10 facts from the January 2016 CRISPR patent landscape

Our quarterly CRISPR patent landscape is now available. For this first release in 2016, we haveĀ  included the latest business and technology developments, such as licensing deals information and a fully revisited breakdown of the functional and technical claim coverage. Our genomics expert Dr. Fabien Palazzoli has identified 489 CRISPR patent families out from worlwide patent registers, and systematically reviewed them down to individual claim wording to classify them into our unique, worldwide, independent CRISPR patent database.

In the meanwhile, facts and opinion papers around the Broad-Berkeley USPTO patent interference have been overloading our news monitoring capacity in the past 4 weeks… but that’s just about 2 pioneering families in the whole landscape.

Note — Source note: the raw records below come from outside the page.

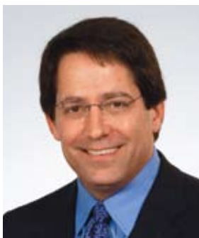
MEET THE DOCTOR
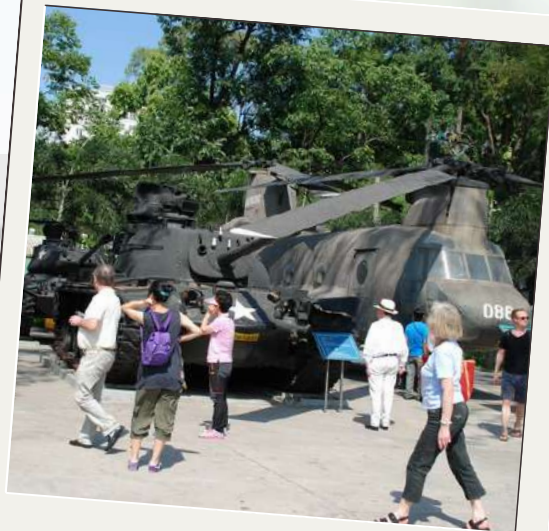
War Remnants Museum
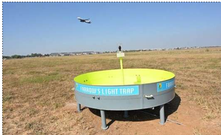
The FLT is also FLT to check bird movement at the airport

introduced FLT, reducing the movement of birds, according to a release from the Adani group which manages the airport. "This system mainly restricts and reduces activity for birds like Rosy Starlings, Mynas, Swallows, and Swifts. These are primarily large flocking birds seen at SVPIA," the statement said.
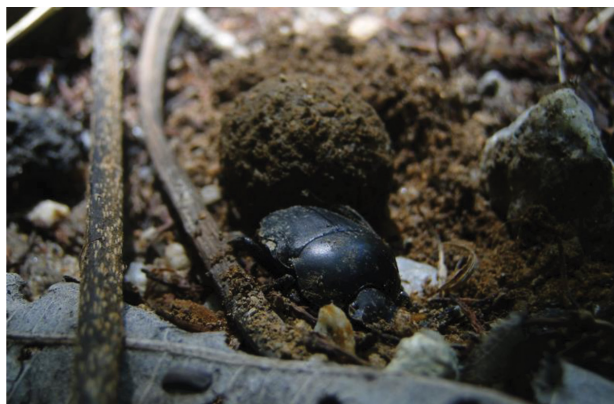
Figure 1. Dung beetle Paragymnopleurus maurus making a dung ball and ready to roll it to other places

beetles of the species Paragymnopleurus maurus (Figure 1 & Figure 2) consumed primate faces as their main food source from this area.
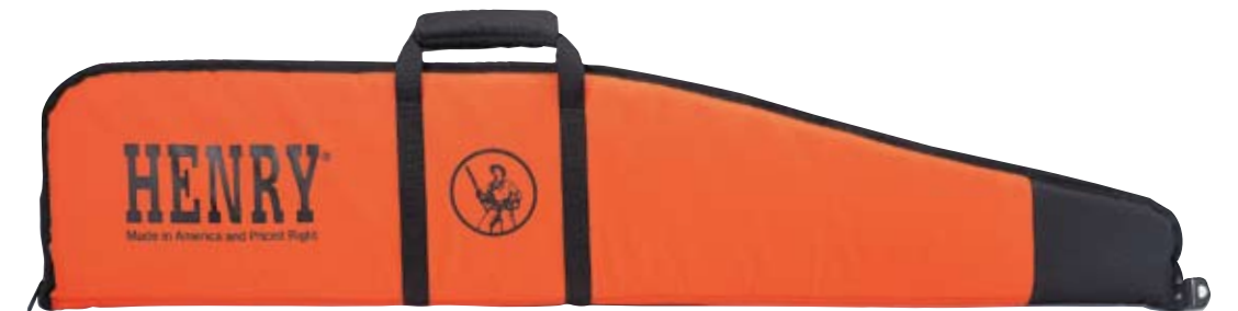
HCASEMB Henry Gun Case 34" fits H001Y and H005
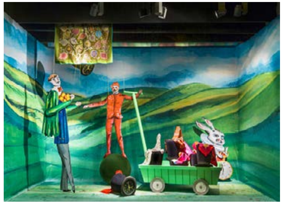
Fig. 2: Window display of Hermès (1), Ámsterdam. By Kiji Van Eijk (2012)
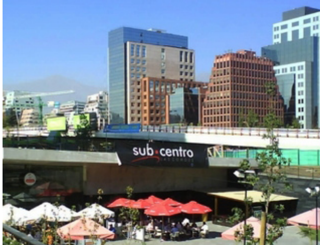
SubCentro after the redesign based on a collaborative placemaking process

Despite being in one of the most important neighborhoods in Santiago, Chile, anchored by one of the busiest train and bus stations in the city, the Las Condes plazas and commercial galleries had become
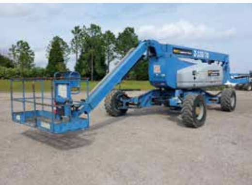
Genie Z135/70 4x4x4
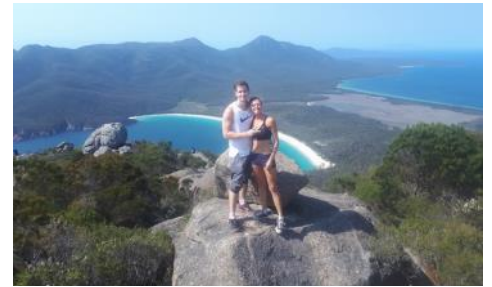
Mount Amos Hike
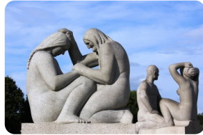
Vigeland Sculpture Park

Here are 10 new facts out of the latest IPStudies CRISPR patent analytics – 489 CRISPR patent families as of January 2016:

  1. The number of published CRISPR patent families has been multiplied by 5 in 18 months.
  2. An increasing diversity of CRISPR actors are developing IP collaborations.
  3. More than 20 CRISPR patents have now been fast-tracked and granted at the USPTO.
  4. 10 actors now have more built a portfolio of more than 10 published patent families in the CRISPR patent landscape.
  5. Near 20% of the patent landscape publications have claims covering one or another variant of the CRISPR-Cas system as possible further specialized improvements and/or design arounds of the core technology.
  6. More than one third of the CRISPR patent landscape publications address therapeutic applications.
  7. After initial R&D positioning on the CRISPR-Cas system development in the pioneering landscape, several players are now focusing their IP on gene-specific gRNA.
  8. More than 80% of the CRISPR landscape address gene editing.
  9. Feng Zhang is the top 1 inventor in the CRISPR patent database with 36 families, while Jennifer Doudna is named on 10 families.
  10. The Chinese landscape is developing on its own, with 134 Chinese priority filings, but only 3 PCT extensions and 1 US filing registered so far.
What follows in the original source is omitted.